_TASK TO COMPLETE_
Among the entries below, copy only the span from the line containing "Four tram lines" through the line containing "2025年前三季度,上海家化". Do so exactly, and skip the pictures.

_MATERIAL FOR THIS EXERCISE_

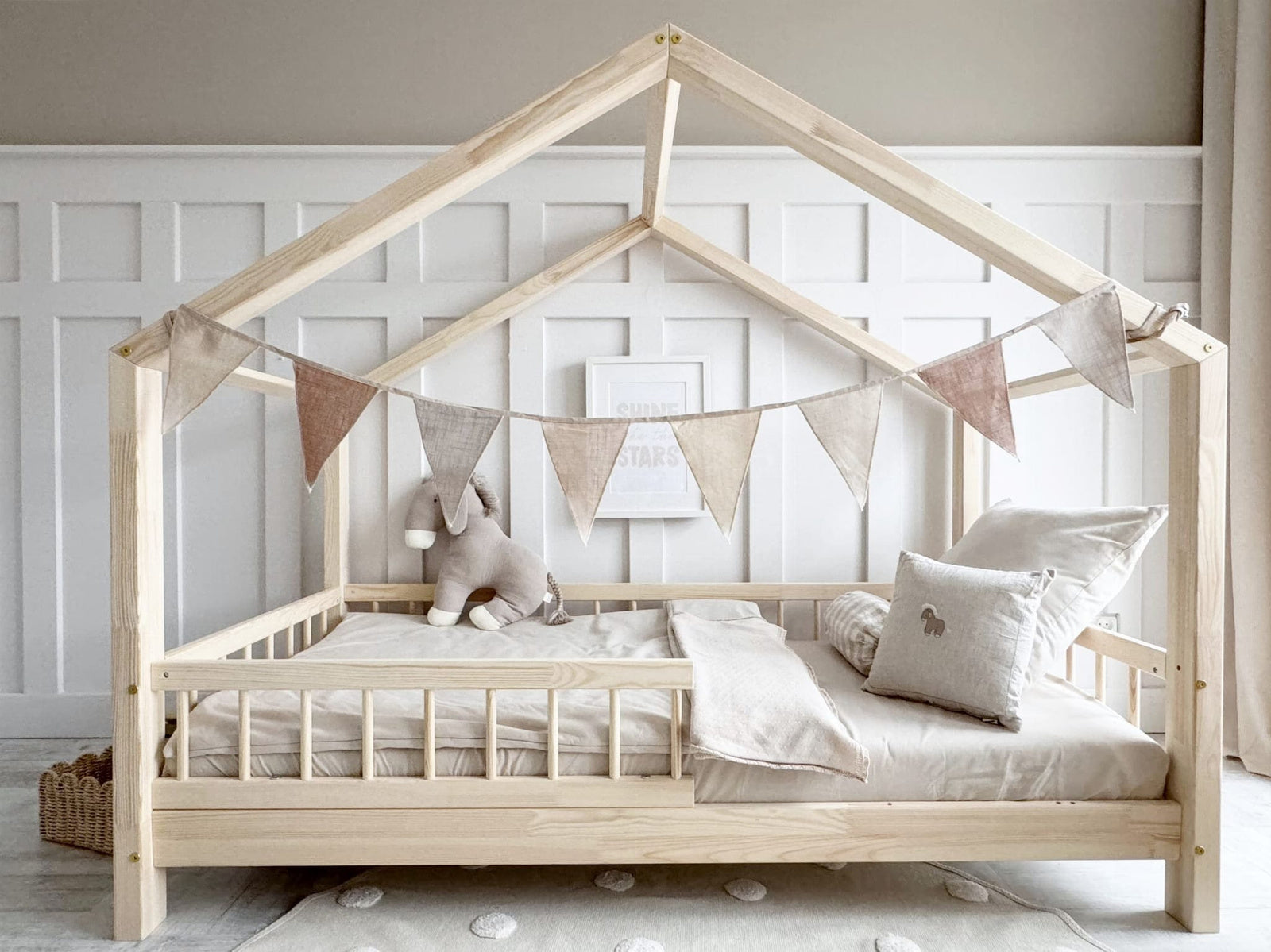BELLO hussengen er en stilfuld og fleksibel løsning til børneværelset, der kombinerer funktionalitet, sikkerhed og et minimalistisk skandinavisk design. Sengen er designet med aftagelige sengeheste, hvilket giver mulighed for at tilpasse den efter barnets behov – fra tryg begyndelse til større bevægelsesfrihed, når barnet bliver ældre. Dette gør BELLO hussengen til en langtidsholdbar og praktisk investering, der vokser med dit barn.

---

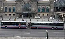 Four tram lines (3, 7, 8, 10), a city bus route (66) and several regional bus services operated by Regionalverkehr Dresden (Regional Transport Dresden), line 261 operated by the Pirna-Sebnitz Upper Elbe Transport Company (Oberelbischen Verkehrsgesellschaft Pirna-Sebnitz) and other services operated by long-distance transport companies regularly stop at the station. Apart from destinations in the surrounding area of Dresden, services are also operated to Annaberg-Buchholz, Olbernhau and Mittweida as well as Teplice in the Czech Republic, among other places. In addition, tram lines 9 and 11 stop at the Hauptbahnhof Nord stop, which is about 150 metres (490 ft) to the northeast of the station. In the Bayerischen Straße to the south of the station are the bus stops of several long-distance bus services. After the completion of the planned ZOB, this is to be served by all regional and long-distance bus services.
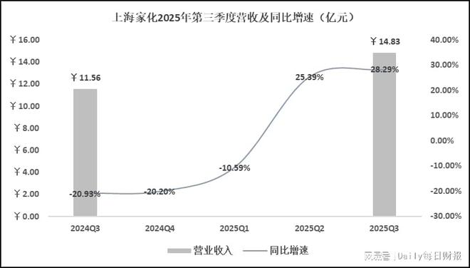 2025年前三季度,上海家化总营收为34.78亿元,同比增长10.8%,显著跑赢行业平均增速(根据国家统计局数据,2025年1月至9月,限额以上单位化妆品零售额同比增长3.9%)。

_EXERCISE ANSWER_
 Four tram lines (3, 7, 8, 10), a city bus route (66) and several regional bus services operated by Regionalverkehr Dresden (Regional Transport Dresden), line 261 operated by the Pirna-Sebnitz Upper Elbe Transport Company (Oberelbischen Verkehrsgesellschaft Pirna-Sebnitz) and other services operated by long-distance transport companies regularly stop at the station. Apart from destinations in the surrounding area of Dresden, services are also operated to Annaberg-Buchholz, Olbernhau and Mittweida as well as Teplice in the Czech Republic, among other places. In addition, tram lines 9 and 11 stop at the Hauptbahnhof Nord stop, which is about 150 metres (490 ft) to the northeast of the station. In the Bayerischen Straße to the south of the station are the bus stops of several long-distance bus services. After the completion of the planned ZOB, this is to be served by all regional and long-distance bus services.
 2025年前三季度,上海家化总营收为34.78亿元,同比增长10.8%,显著跑赢行业平均增速(根据国家统计局数据,2025年1月至9月,限额以上单位化妆品零售额同比增长3.9%)。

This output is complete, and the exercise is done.